Here, we might suggest adding something like PCBB's International Services. Not only do foreign currency and wires appeal to sub segments of both the retail and business customer, but they also generate fees that should average about 1% of your current operating income. This all happens with very little credit risk. In fact, any business customer of yours that imports or exports goods, any consumer customer of yours that travels overseas and any entity with foreign financial relations (like a sister company or a child in the military) will be attracted to this service and generate more fees for your bank. Basically, our program gives community banks a way to capture fees from international services and leverage our substantial expertise, all without any upfront costs.

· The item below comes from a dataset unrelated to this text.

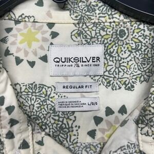 Keywords: Quiksilver shirt, men's shirt, button down shirt, short sleeve shirt, patterned shirt, regular fit, men's casual shirt, summer shirt, vacation shirt, cream shirt, green shirt, Large, L

This helps the bank meet its strategic objectives and can be bundled with any number of additional products, such as ID Theft protection, payroll services, wealth management or retirement planning. While you can certainly charge for services such as foreign wires individually, you will likely make additional money by packaging them over time into a bundle that includes other services as well.
The average community bank produces annual fee income to equal about 1% of their total earning assets. Meanwhile, larger banks usually do a better job, at an excess of 3.0%, as they generate fees from international services, securitizations, investment banking, venture capital and other lines.
However, it doesn't have to be like this, since such large bank product lines require more specialized expertise, are more capital intensive, volatile and more highly regulated. Community banks can do just fine and approach 2% of their earning assets by adding products or services that don't add materially to the risk profile of the bank. Then, by bundling these products with existing deposit and loan packages, profitability can be improved. Do that and you might just get excited enough to get yourself a pair of headphones big enough to make a DJ jealous.